Safe Coordination of Human-Robot Firefighting Teams
This addresses the safety and efficiency challenges for firefighters in wildfire scenarios, representing a novel method for a known bottleneck in human-robot collaboration.
The paper tackles the problem of coordinating human-robot teams in wildfire fighting by developing a model-predictive distributed control algorithm that estimates fire propagation dynamics, resulting in a probabilistic safety guarantee for humans and full fire coverage by UAVs.
Wildfires are destructive and inflict massive, irreversible harm to victims' lives and natural resources. Researchers have proposed commissioning unmanned aerial vehicles (UAVs) to provide firefighters with real-time tracking information; yet, these UAVs are not able to reason about a fire's track, including current location, measurement, and uncertainty, as well as propagation. We propose a model-predictive, probabilistically safe distributed control algorithm for human-robot collaboration in wildfire fighting.

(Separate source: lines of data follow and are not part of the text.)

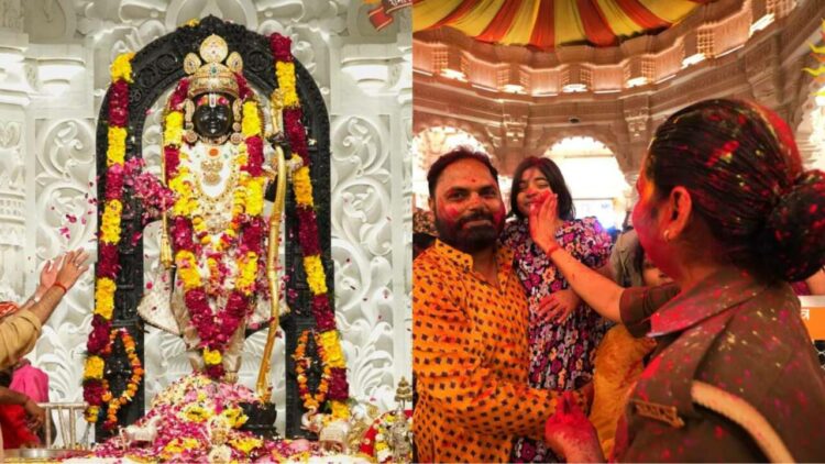 ഹോളി ആഘോഷങ്ങള്ക്ക് നിറം പകര്ന്ന രംഗോത്സവത്തിന്റെ ഭാഗമായി പനിനീര് പൂക്കള് കൊണ്ട് പൂജാരിമാര് രാംലല്ലയ്ക്ക് അഭിഷേകം നടത്തി. ജനങ്ങള്ക്കൊപ്പം ഭഗവാനും ഹോളിയില് പങ്കെടുക്കുന്ന സങ്കല്പത്തിലാണ് ഇന്നലെ ബാലകരാമനെ ഒരുക്കിയത്.
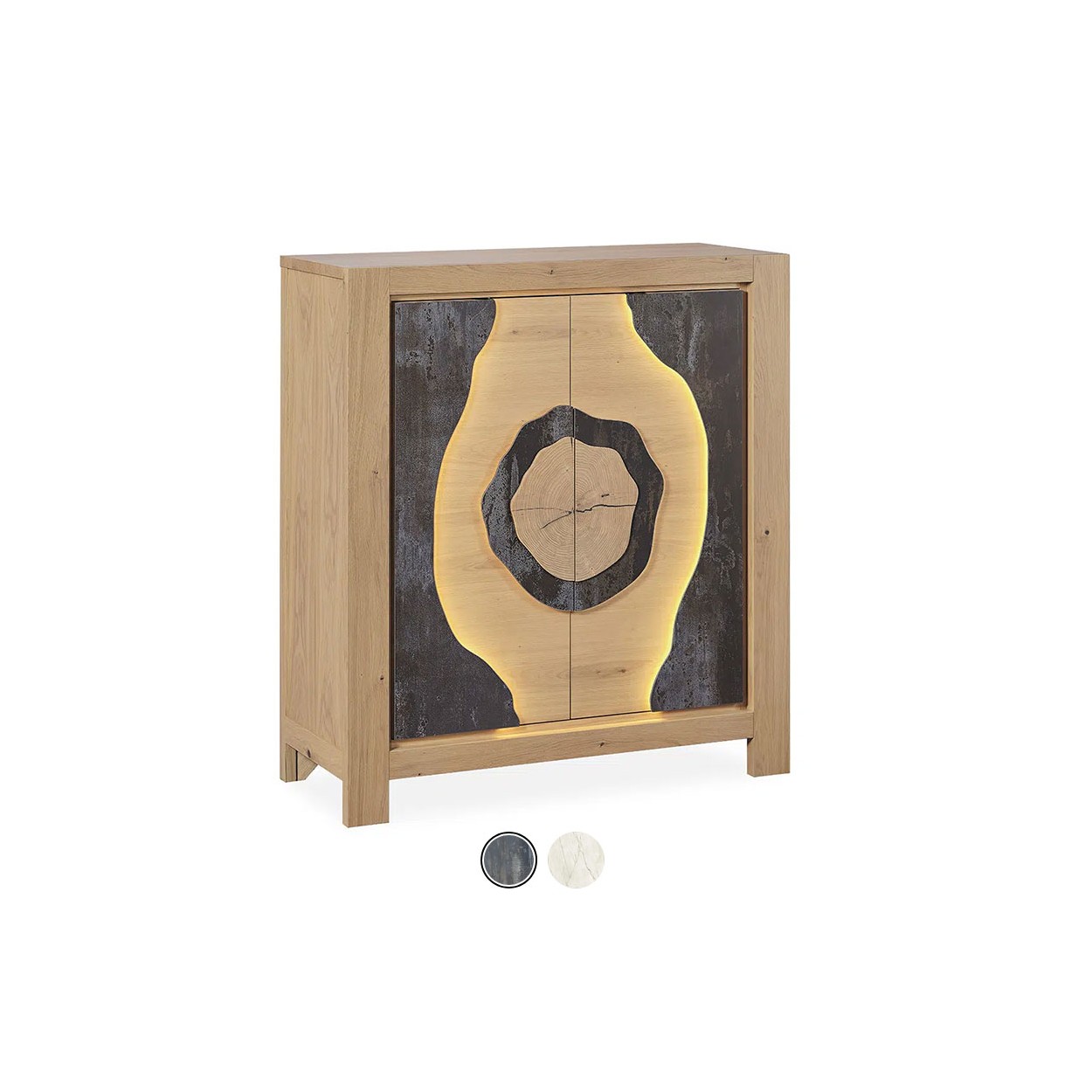 Cette collection contemporaine MINÉRALE associe bois massif et panneaux céramiques aux tons minéraux, sublimé par un éclairage LED qui souligne ses courbes organiques et son motif naturel central. Elle donne élégance, il offre un espace de rangement généreux tout en devenant une pièce maîtresse de votre intérieur. Un équilibre parfait entre design moderne et chaleur naturelle.
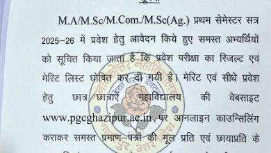 गाजीपुर।स्नातकोत्तर महाविद्यालय, गाजीपुर में सत्र 2025-26 के लिए स्नातकोत्तर (पीजी) प्रवेश परीक्षा का परिणाम घोषित कर दिया गया है।प्राचार्य प्रोफेसर…

The proposed algorithm overcomes the limitations of prior work by explicitly estimating the latent fire propagation dynamics to enable intelligent, time-extended coordination of the UAVs in support of on-the-ground human firefighters. We derive a novel, analytical bound that enables UAVs to distribute their resources and provides a probabilistic guarantee of the humans' safety while preserving the UAVs' ability to cover an entire fire.